Deze situatie duurde nu al jaren voort en het werd zo langzamerhand onhoudbaar. Ieder gezin had nu wel te maken gehad met een verongelukte of minstens ernstig gewonde. Wat was nu de oplossing om dit arme dorp van de agressieve stier te verlossen?
Tot op een dag aan de horizon de blauwe ridder verscheen gewapend met zijn dodelijke lans. Deze ridder was de enige persoon op de wereld die dit monster van een stier zou kunnen doden. Zijn lans bestond uit dodelijk blauw glas, die de huid van de stier kon doorboren. De dorpelingen braken in gejuich uit toen ze de dappere ridder zagen naderen.
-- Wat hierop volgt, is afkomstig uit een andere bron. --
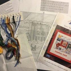Julmotiv på en tavla/vepa storlek 40×55 korsning komplett med garn och synål samt en förstorad arbetsbeskrivning.

Een bloedige strijd brak uit, toen de stier zijn rivaal in het oog kreeg. Zonder angst en met dodelijke precisie wachtte de dappere blauwe ridder de woeste stier op. Die stormde met veel gesnuif op de ridder af. Deze had één kans om de stier te doden, door de lans met één worp tussen de ogen van de stier te plaatsen. De stier viel dodelijk getroffen neer.
Het dorp was na al die jaren weer vrij en de dorpelingen renden juichend van vreugde naar buiten de poort van de burcht en omhelsden de koene ridder. Die avond werd er feest gevierd op het kasteelplein en een groot feestelijk vuur aangelegd. En wat denk je, dat er boven het vuur lekker gebraden werd? Jazeker, de stier draaide lekker gaar aan het spit en smaakte heerlijk.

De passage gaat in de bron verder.